Does $\mathbb{E}(|X+y|^p) < \infty$ immediately imply that $\mathbb{E}(|X|^p)<\infty$? –  Hargrove Aug 30 '12 at 16:19

1 Answer 1

up vote 3 down vote accepted

Prove that for every $t> 0$ and $\epsilon > 0$, one has $P(|X+Y| > t) \ge P(|X| > t + \epsilon) P(|Y| \le \epsilon)$.

Then use the formula which gives absolute moments of a random variable $Z$ in terms of an integral of the distribution function $P(|Z| > t)$ : that is $E|Z|^p = \int_0^{\infty} p t^{p-1} P(|Z| >t)dt$.

EDIT : Further hints

For the first part, you just have to show that $\{|X| > t+ \epsilon, |Y| \le \epsilon \} \subset \{|X+Y| > t\}$ and then use independance.

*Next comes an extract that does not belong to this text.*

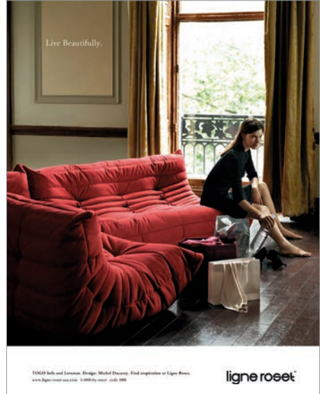
2005 — Agence BBDO GERMANY Finaliste Award Winner International Advertising Awards 2006, New York Festivals

For the second part, use the recalled formula to prove that $E|X|^p$ is finite, using the majoration $P(|X|>t) \le \frac{P(|X+Y| > t- \epsilon)}{P(|Y| \le \epsilon)}$, valid for all $t > \epsilon$.

(you can choose once for all $\epsilon > 0$ such that $P(|Y| \le \epsilon) > 0$ (why ?))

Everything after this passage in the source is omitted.